Social housing and education building received a surprise boost in Chancellor George Osborne's announcement of his first wave of public spending cuts. As expected, Osborne took the axe to every government department in a sweeping £6.2bn cuts package.
Osborne warned that £1.7bn of contracts with current suppliers to the government would be stopped or delayed to allow rates to be negotiated down.
A further £600m will be saved from quangos and £150m cut from the Government's overall housing budget.
But some of the savings are to be reinvested into much-needed building work. Some £170m of savings will be redirected into building 4,000 social homes, an extra £50m will go into the education college capital spending pot and £150m spent on kick-starting apprenticeship programmes.
The first round concentrates on saving cash by freezing civil service recruitment and slashing budgets spent on day-to-day operations by departments.
Deeper cuts are expected in the Chancellor's first budget on June 22 and the public spending review later in the year.

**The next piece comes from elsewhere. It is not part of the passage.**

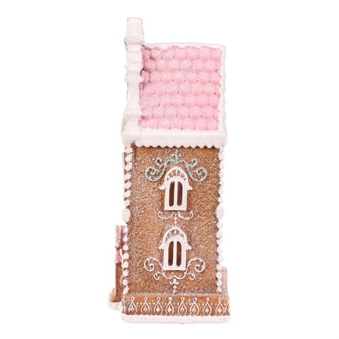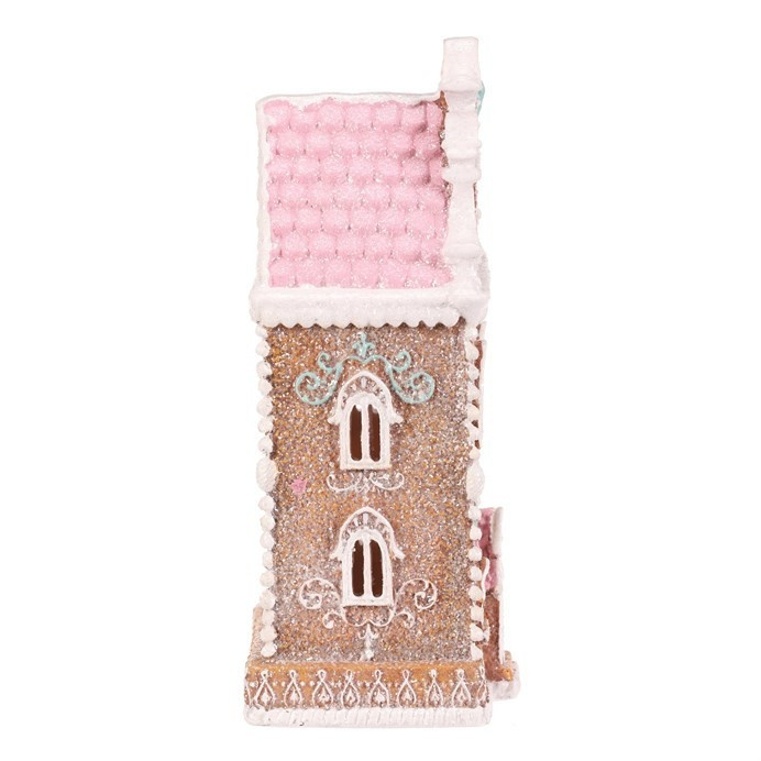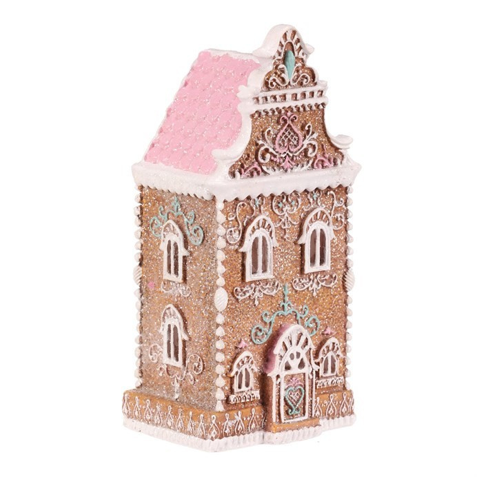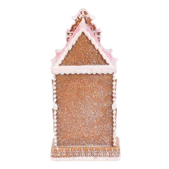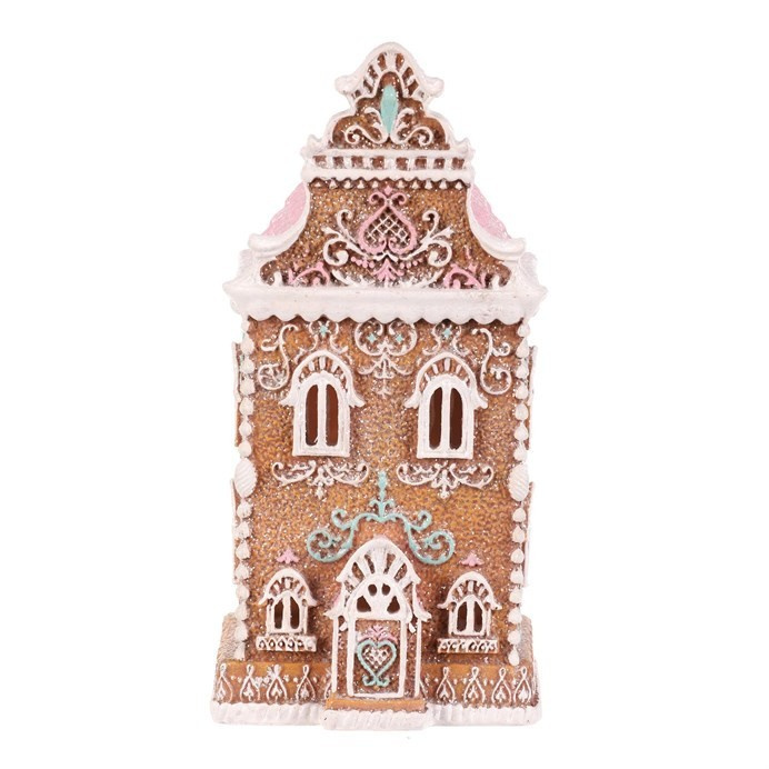 Polyresinová stolní dekorace, v podobě zdobeného patrového domku v perníkovém designu, bude nádhernou dekorací pro kouzelné vánoční období. Vypadá jako by byl skutečně vytvořen z perníku a ozdoben sladkou barevnou polevou. To ale ještě není vše! Díky zabudovanému LED osvětlení uvnitř, si můžete po jeho rozsvícení vychutnávat pohled na nádherně rozptýlené paprsky, které vycházejí skrze všechna okénka ven.

Richard Diment, director-general of the Federation of Master Builders said: "The new Government is quickly facing up to the difficult financial challenges that this country faces and the need to get public debt back under control.
"Spending decisions over the coming months will inevitably have an impact on the construction sector but it is encouraging that the Government recognises the need to invest in growth and the importance of training and housing in delivering this.
"The reallocation of £150m for adult apprenticeships and the £170m for social housing from the overall savings announced, demonstrates that the Government understand that these issues remain a priority even in such difficult economic circumstances."
Today the Department for Transport confirmed that improvements to the A23, the widening of the A453, and phase three of the M6 Birmingham box are to be deferred because of the spending cuts.
The Dft has been set the task of saving £683m by the chancellor.